MEMORANDUM **
Sandong Li, a native and citizen of China, petitions for review of the Board of Immigration Appeals’ (“BIA”) order dismissing his appeal from an immigration judge’s decision denying his application for asylum and withholding of removal. We have jurisdiction under 8 U.S.C. § 1252. We review for substantial evidence the agency’s factual findings, applying the standards governing adverse credibility determinations created by the REAL ID Act, Shrestha v. Holder, 590 F.3d 1034, 1039-40 (9th Cir. 2010), and we deny the petition for review.

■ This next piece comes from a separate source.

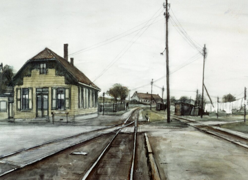 Foto, zwart/wit, Tramstation Molendijk 10 Zwartewaal. Dit was het wachthuis bewoond door fam. Bas Vermaat. Zie bijlage foto

Substantial evidence supports the agency’s adverse credibility determination based on inconsistencies between Li’s testimony, his asylum application, and his daughter’s birth certificate as to her date of birth, the omission of an attempt by family planning officials to arrest Li’s wife for sterilization, and on Li’s false statements to an asylum officer. See id. at 1048 (adverse credibility determination was reasonable under the “totality of the circumstances”); Zamanov v. Holder, 649 F.3d 969, 973-74 (9th Cir. 2011) (adverse credibility determination properly relied on an omission where the added details presented more compelling story of persecution); Singh v. Holder, 643 F.3d 1178, 1181 (9th Cir. 2011) (“An asylum applicant who lies to immigration authorities casts doubt on his credibility and the rest of his story.”). Li’s explanations do not compel a contrary result. See Lata v. INS, 204 F.3d 1241, 1245 (9th Cir. 2000). We reject Li’s contention that the agency did not consider his explanation for his misstatements to the asylum officer. Further, substantial evidence supports the BIA’s finding that Li’s evidence does not rehabilitate his credibility. See Garcia v. Holder, 749 F.3d 785, 791 (9th Cir. 2014). We reject Li’s contention that the BIA should have remanded his case. In the absence of credible testimony, Li’s asylum and withholding of removal claims fail. See Farah v. Ashcroft, 348 F.3d 1153, 1156 (9th Cir. 2003).
PETITION FOR REVIEW DENIED.
This disposition is not appropriate for publication and is not precedent except as provided by Ninth Circuit Rule 36-3.